DUE ALBANESI HANNO SVALIGIATO 150 CASE MA LA CASSAZIONE LI SCARCERA: “CI SONO ERRORI NELLE MOTIVAZIONI”


SECONDO L’ACCUSA, UNA VOLTA PENETRATI NELLE VILLE FOTOGRAFAVANO LE VITTIME NEL SONNO 

LA BANDA, COMPOSTA DA SEI PERSONE, SI ERA SPECIALIZZATA NELLA VECCHIA “TECNICA DEL SUCCHIELLO”…

Massimiliano Nerozzi per www.corriere.it
ladro furto casaLADRO FURTO CASA
Per l’assenza di un’adeguata motivazione sulle esigenze cautelari, nell’ordinanza che li portò in prigione, la quarta sezione penale della corte di Cassazione ha scarcerato due cittadini albanesi, arrestati nell’aprile scorso dai carabinieri con l’accusa di aver svaligiato circa 150 abitazioni, tra colpi fatti e tentati.
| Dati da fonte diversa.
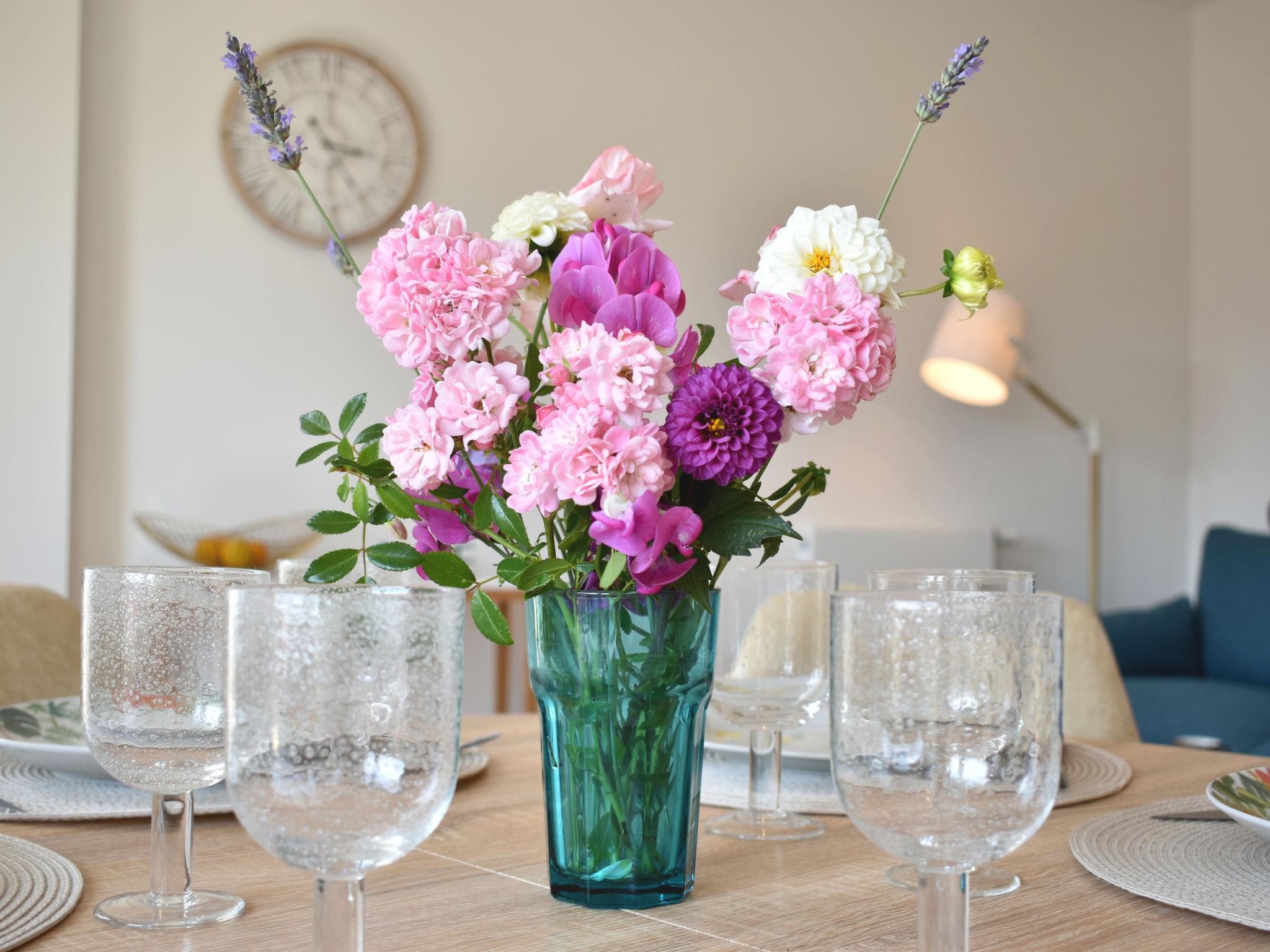 3-room apartment 62 m2 on 2nd floor. Entrance hall. Living/dining room with 1 double sofabed (1 x 140 cm, length 190 cm), TV (flat screen). Exit to the balcony, west facing position. 1 room with 1 french bed (1 x 160 cm, length 200 cm). 1 room with 1 french bed (1 x 140 cm, length 190 cm). Open kitchen (dishwasher, 3 induction hot plates, toaster, kettle, electric coffee machine, combination microwave). Shower, sep. WC. Heating. Balcony furniture. Facilities: washing machine, iron, hair dryer. Internet (WiFi, free). Garage (1 car), height 200 cm, width 280 cm. Please note: non-smokers only. Smoke alarm. 14220000125KB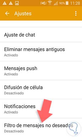 Al igual que recibimos llamadas molestas, existen SMS que no queremos que entren en nuestro teléfono por lo que vamos a ver cómo bloquear también los mensajes de ciertos números. Dirígete a la aplicación de mensajes y entra en sus Ajustes. Una vez aquí busca Filtro de mensajes no deseados o Gestor de spam.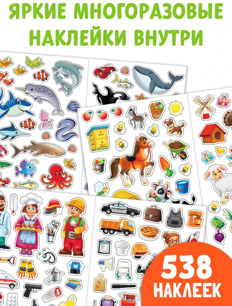 💳 Оплатить за товар можно при получении 🇰🇿 Есть бесплатная доставка по Казахстану от 1 дня 🎁 Копите бонусы с каждой покупки С многоразовыми наклейками обучение превратится в интересное занятие. Играйте вместе с ребёнком, разгадывайте загадки и изучайте: какие бывают профессии, кто живёт в лесу и на ферме, что происходит с природой в разное время года. |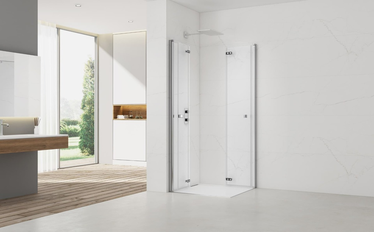 La Porte de douche acces en angle pliante SAT SK incarne l'équilibre parfait entre élégance et performance. Grâce à ses panneaux en verre Crystal Glass® ultra transparent de 6 mm, elle inonde les espaces d’une luminosité pure et éclatante. Le traitement innovant Anticalcaire Easy Clean prolonge la beauté de sa surface en minimisant l'accumulation de calcaire, facilitant ainsi son entretien. Son système de pliage, conçu avec une grande précision, assure une utilisation fluide et intuitive, apportant une solution alliant design soigné et fonctionnalité.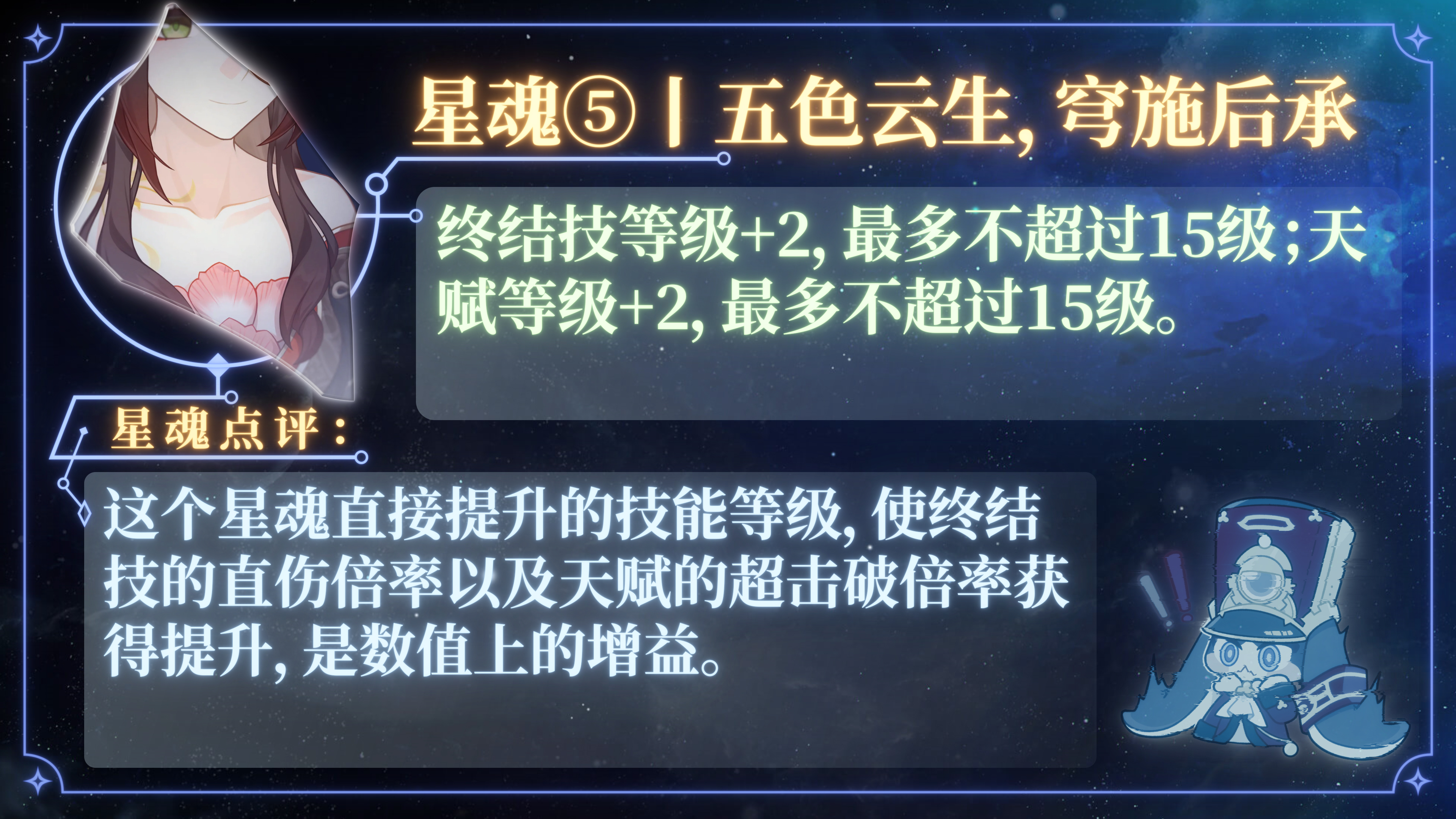 总结下来,0魂机制完整,完全够用。星魂1对击破队性价比还不错,可以考虑。后续的星魂属于有的话舒适度会有提升,但没有也行的级别,看个人预算补即可。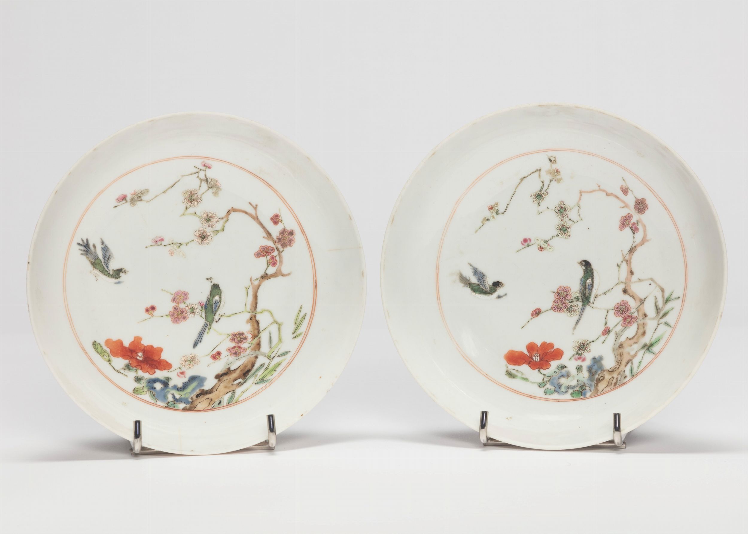 Cina, secolo XVIII ben dipinti con un paesaggio floreale e uccellini, marcati sul retro Qīng sǒu xuān zhì (清叟轩制) (difetti) 陶瓷小盘一组,中国,十八世纪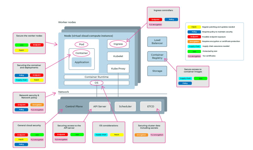 Applications in a Kubernetes cluster run in containers within a virtual server called a node. That node has, amongst other things, a host operating system and container runtime (which runs the container). Both of these components require attention within your Kubernetes security posture as a breach in a host will compromise everything you are running there, including Kubernetes and the workloads inside.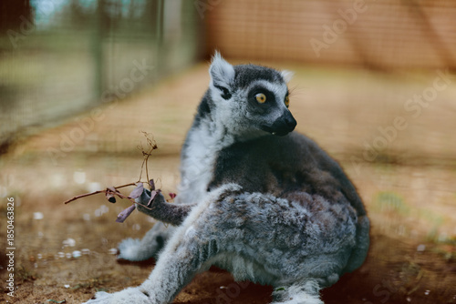 © SHOTPRIME STUDIO, Fototapeta premium Lemur primate animal wildlife sitting portrait with striking yellow eyes and bushy tail on ground, closeup of fur texture and alert pose in naturalistic enclosure setting.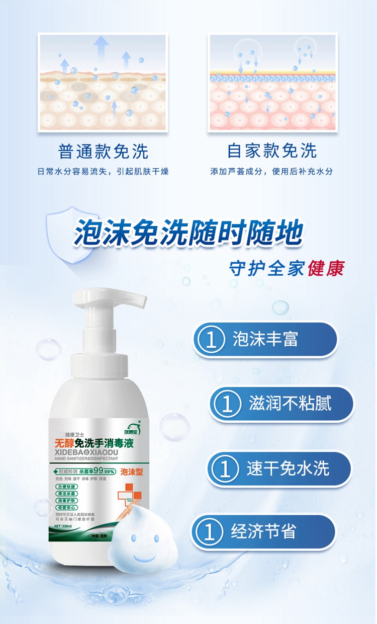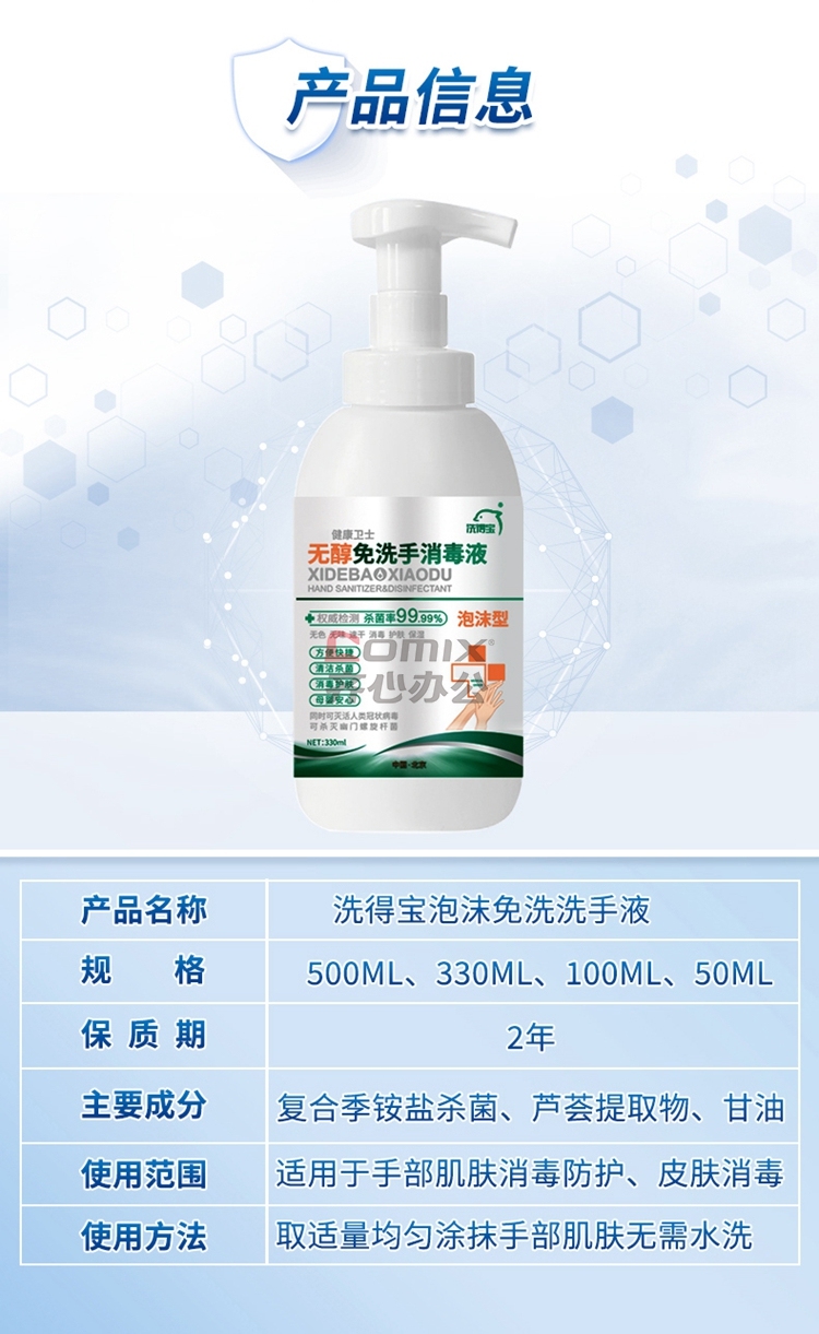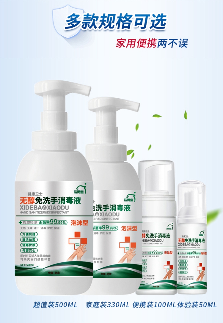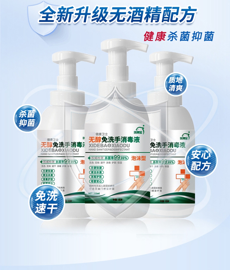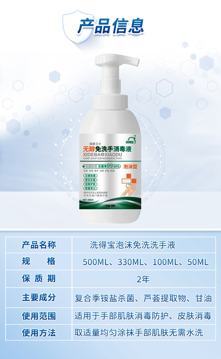 商品名称:洗得宝 不含酒精免洗手 消毒液 泡沫手消 家庭装 330ml 蓝(单位:瓶)
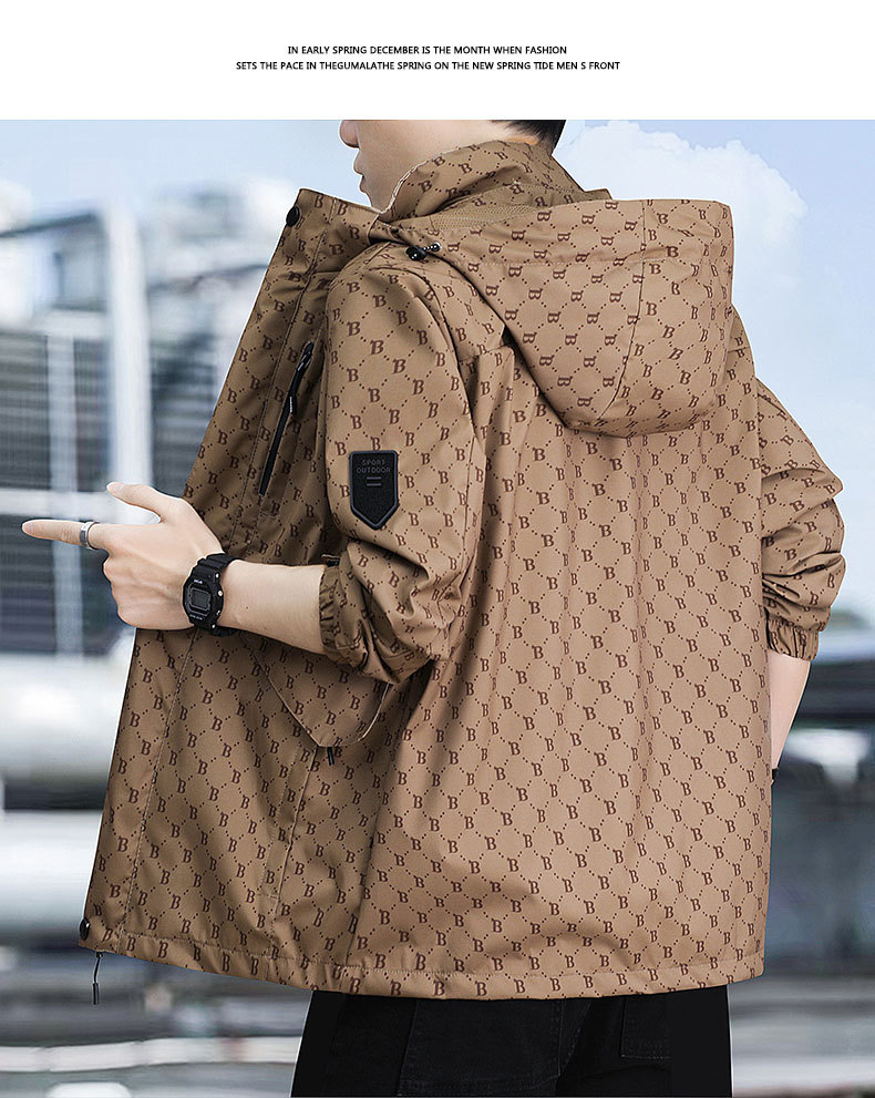 재킷 남자의 봄과 가을 새로운 유행 B-편지 후드 방풍 방수 재킷 야외 유행 올 매치 재킷스토어 가기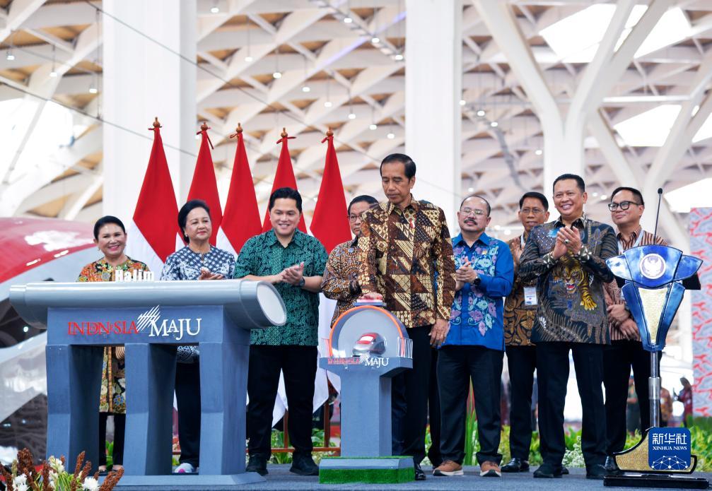 10月2日,在印度尼西亚雅加达哈利姆高铁站,印尼总统佐科(前)在雅万高铁启用仪式上按下启用键,宣布雅万高铁正式启用。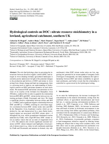 Hydrological controls on DOC : nitrate resource stoichiometry in a lowland, agricultural catchment, southern UK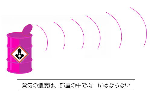 作業者が吸い込むシンナーの蒸気の濃度は、容器近くと部屋の隅では違います。風上と風下とでも濃度はちがいますね。

Avrebbero preso parte a una banda in azione per mesi tra Asti, Torino e Cuneo, che aveva il vizio di fotografare le vittime, nel sonno. Una sorta di souvenir dei colpi.
Mesi di indagini della compagnia di Pinerolo azzerate dalla decisione dei giudici, che hanno «annullato senza rinvio» le ordinanze emesse a suo tempo dal gip e, successivamente, dal tribunale del Riesame. La Cassazione ha infatti accolto il ricorso presentato dal difensore dei due, l’avvocato Antonio Genovese, disponendo «l’immediata liberazione» degli indagati (ne restano in carcere altri quattro).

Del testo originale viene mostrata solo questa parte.